_SUPPLIED ENTRIES:_

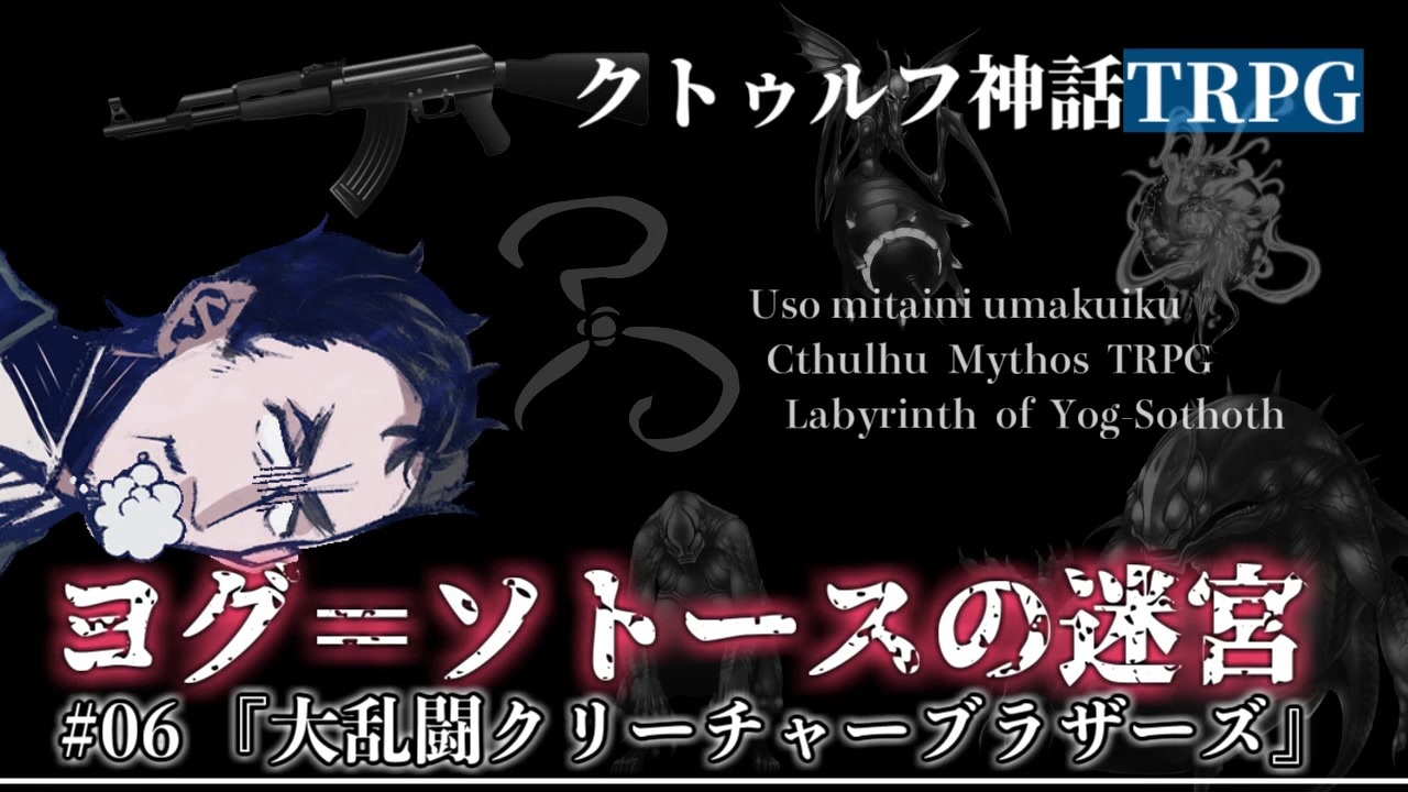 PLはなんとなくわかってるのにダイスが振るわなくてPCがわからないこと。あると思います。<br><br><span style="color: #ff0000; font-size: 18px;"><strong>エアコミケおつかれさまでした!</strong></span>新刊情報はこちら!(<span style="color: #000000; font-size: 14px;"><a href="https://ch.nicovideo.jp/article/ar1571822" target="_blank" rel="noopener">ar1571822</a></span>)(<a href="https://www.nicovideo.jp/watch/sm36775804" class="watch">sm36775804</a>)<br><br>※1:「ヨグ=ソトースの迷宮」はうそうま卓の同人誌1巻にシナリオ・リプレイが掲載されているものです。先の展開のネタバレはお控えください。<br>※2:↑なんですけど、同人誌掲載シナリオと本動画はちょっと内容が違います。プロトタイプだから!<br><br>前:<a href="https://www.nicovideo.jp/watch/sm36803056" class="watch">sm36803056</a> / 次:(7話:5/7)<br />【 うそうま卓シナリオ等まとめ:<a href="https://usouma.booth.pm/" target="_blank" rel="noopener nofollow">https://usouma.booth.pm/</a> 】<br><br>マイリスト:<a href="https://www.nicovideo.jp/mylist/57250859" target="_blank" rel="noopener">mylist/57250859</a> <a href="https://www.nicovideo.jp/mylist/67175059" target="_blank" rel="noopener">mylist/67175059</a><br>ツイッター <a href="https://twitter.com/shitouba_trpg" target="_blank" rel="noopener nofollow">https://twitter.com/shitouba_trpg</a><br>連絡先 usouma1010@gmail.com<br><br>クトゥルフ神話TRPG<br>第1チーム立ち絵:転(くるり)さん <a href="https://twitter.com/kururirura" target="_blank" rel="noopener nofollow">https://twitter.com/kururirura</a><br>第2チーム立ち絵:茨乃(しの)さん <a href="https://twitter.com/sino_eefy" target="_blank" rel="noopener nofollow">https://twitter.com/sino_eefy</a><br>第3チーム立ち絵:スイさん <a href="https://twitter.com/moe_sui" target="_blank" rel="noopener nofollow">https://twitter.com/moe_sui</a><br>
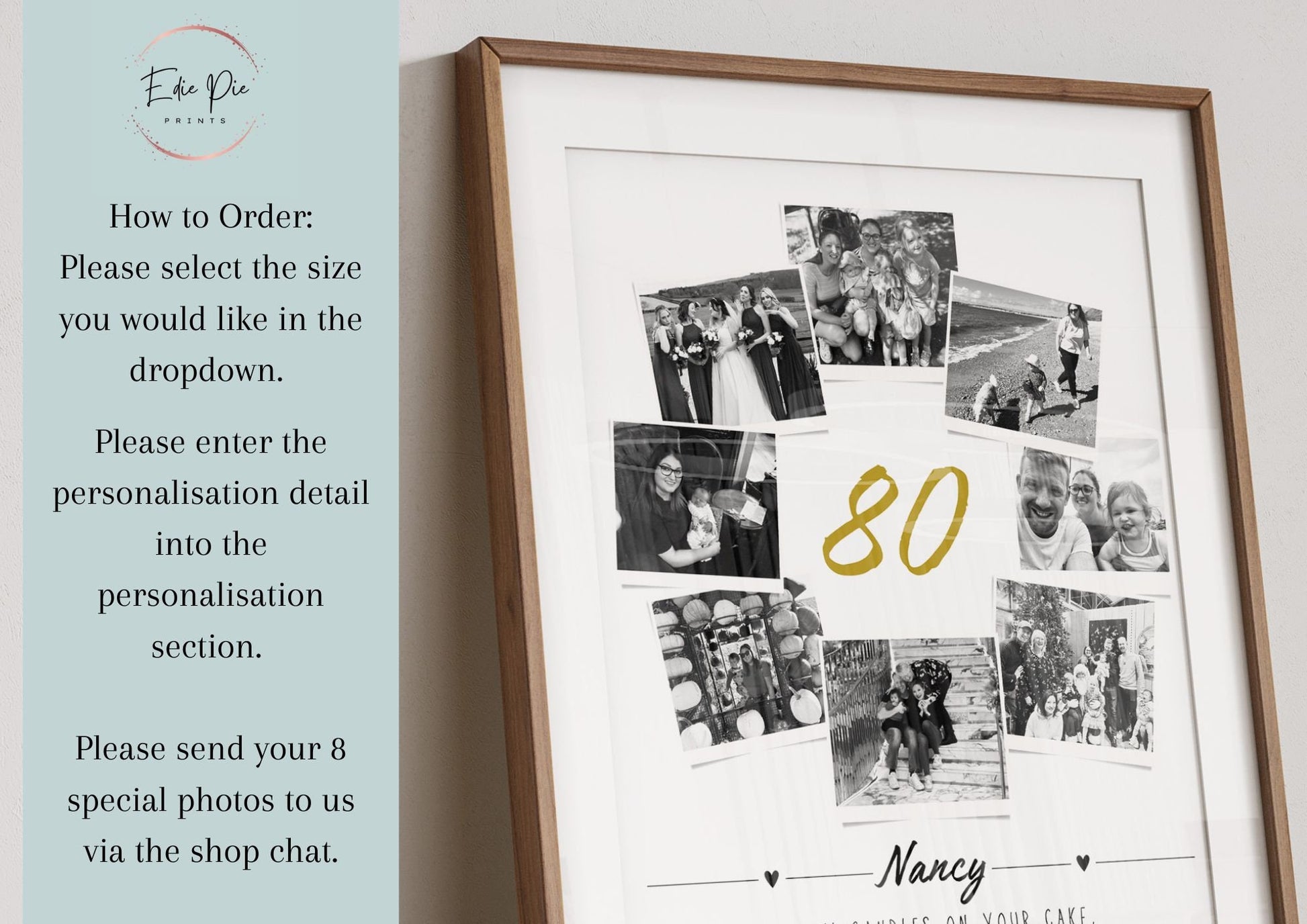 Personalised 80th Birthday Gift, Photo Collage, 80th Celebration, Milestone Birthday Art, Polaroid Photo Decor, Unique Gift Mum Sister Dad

==

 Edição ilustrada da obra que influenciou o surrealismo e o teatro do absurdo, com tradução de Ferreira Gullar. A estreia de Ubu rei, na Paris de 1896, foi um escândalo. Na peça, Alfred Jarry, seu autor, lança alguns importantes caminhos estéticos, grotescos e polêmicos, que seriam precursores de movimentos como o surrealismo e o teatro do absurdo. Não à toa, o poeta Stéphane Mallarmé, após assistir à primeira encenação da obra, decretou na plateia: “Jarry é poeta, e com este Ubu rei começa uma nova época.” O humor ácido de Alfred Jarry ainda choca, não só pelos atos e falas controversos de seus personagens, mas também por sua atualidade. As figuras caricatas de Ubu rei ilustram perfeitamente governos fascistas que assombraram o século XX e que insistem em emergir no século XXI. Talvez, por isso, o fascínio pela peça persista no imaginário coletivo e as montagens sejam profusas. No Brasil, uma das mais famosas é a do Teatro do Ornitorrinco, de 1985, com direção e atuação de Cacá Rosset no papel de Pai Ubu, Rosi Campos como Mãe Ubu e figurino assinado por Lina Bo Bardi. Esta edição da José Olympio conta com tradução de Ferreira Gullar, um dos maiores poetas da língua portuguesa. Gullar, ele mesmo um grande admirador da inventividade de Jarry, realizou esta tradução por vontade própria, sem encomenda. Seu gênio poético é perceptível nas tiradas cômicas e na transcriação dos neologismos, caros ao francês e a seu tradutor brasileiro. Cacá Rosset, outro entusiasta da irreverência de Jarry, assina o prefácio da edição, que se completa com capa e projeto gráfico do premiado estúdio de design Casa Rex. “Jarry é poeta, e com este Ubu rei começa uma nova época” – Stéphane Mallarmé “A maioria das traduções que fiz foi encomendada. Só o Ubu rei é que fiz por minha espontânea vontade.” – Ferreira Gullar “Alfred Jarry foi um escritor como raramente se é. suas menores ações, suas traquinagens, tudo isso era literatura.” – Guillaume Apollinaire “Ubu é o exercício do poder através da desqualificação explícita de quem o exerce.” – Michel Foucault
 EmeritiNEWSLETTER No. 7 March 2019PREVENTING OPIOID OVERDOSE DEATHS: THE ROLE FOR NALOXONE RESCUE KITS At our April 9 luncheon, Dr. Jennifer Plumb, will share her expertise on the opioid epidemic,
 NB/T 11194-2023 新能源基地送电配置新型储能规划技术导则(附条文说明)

==

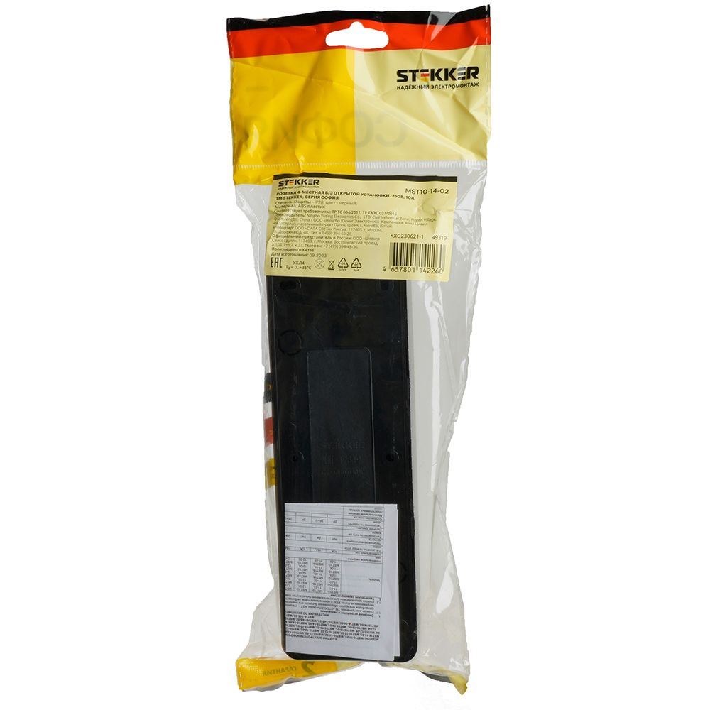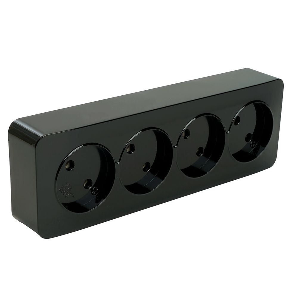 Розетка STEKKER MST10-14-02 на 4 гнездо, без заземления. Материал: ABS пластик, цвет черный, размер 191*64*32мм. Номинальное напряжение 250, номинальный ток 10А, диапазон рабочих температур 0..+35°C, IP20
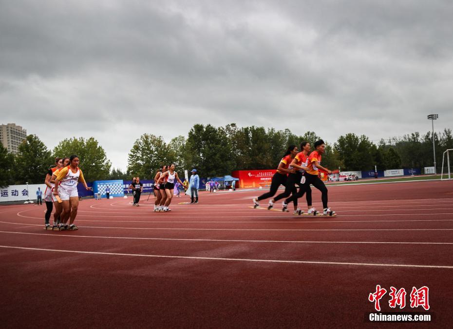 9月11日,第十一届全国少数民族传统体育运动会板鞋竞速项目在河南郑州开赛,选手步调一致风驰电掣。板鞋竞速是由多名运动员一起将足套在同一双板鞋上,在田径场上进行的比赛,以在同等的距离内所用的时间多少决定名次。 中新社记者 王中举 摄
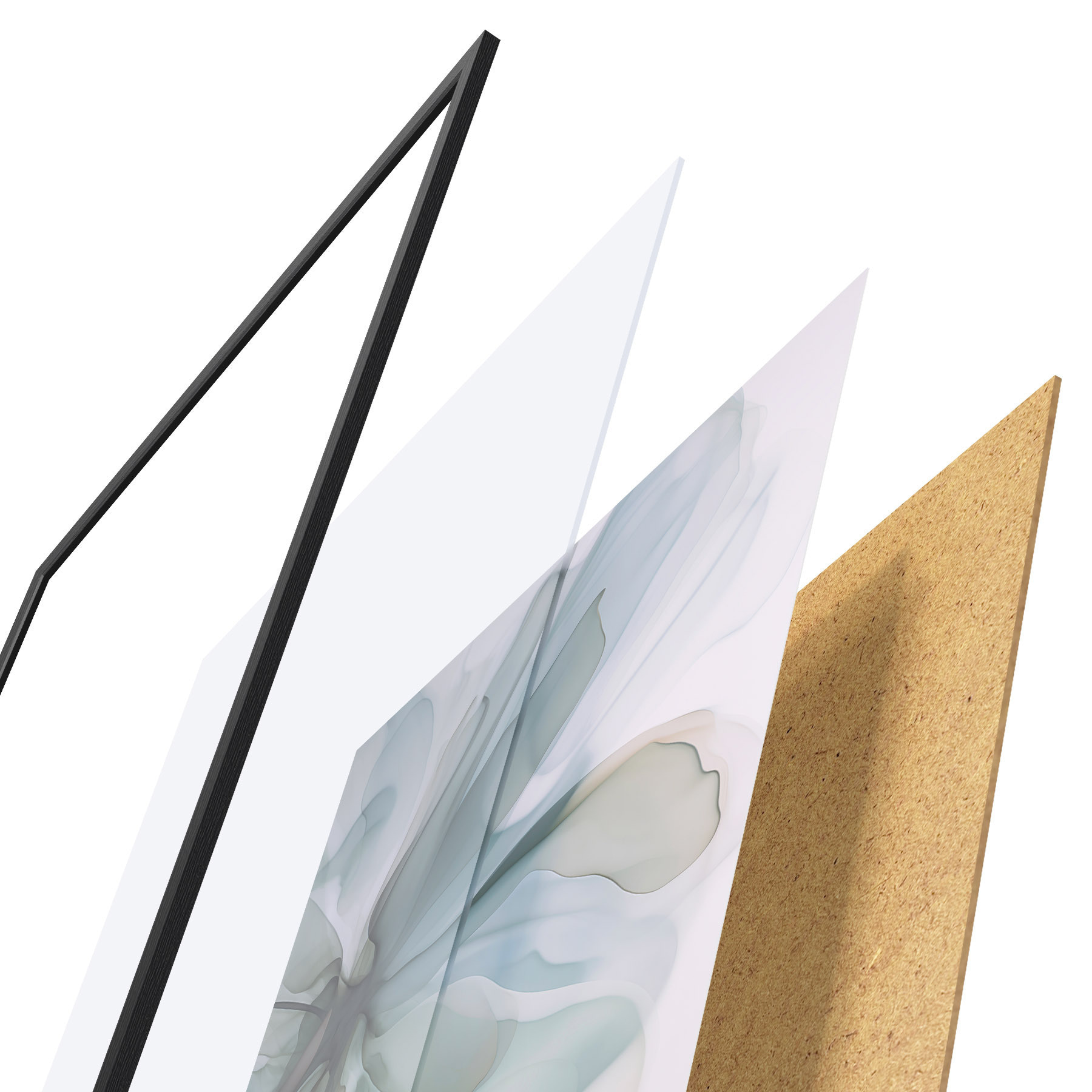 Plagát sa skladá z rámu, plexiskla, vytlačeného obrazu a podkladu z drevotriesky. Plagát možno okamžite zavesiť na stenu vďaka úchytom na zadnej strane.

_EXERCISE DIRECTIONS:_ Among the entries above, the line containing "EmeritiNEWSLETTER No. 7", the line containing "NB/T 11194-2023 新能源基地送电配置新型储能规划技术导则(附条文说明)", and all lines between them are to be restated word for word; nothing else belongs in the reply.

_TASK RESULT:_
 EmeritiNEWSLETTER No. 7 March 2019PREVENTING OPIOID OVERDOSE DEATHS: THE ROLE FOR NALOXONE RESCUE KITS At our April 9 luncheon, Dr. Jennifer Plumb, will share her expertise on the opioid epidemic,
 NB/T 11194-2023 新能源基地送电配置新型储能规划技术导则(附条文说明)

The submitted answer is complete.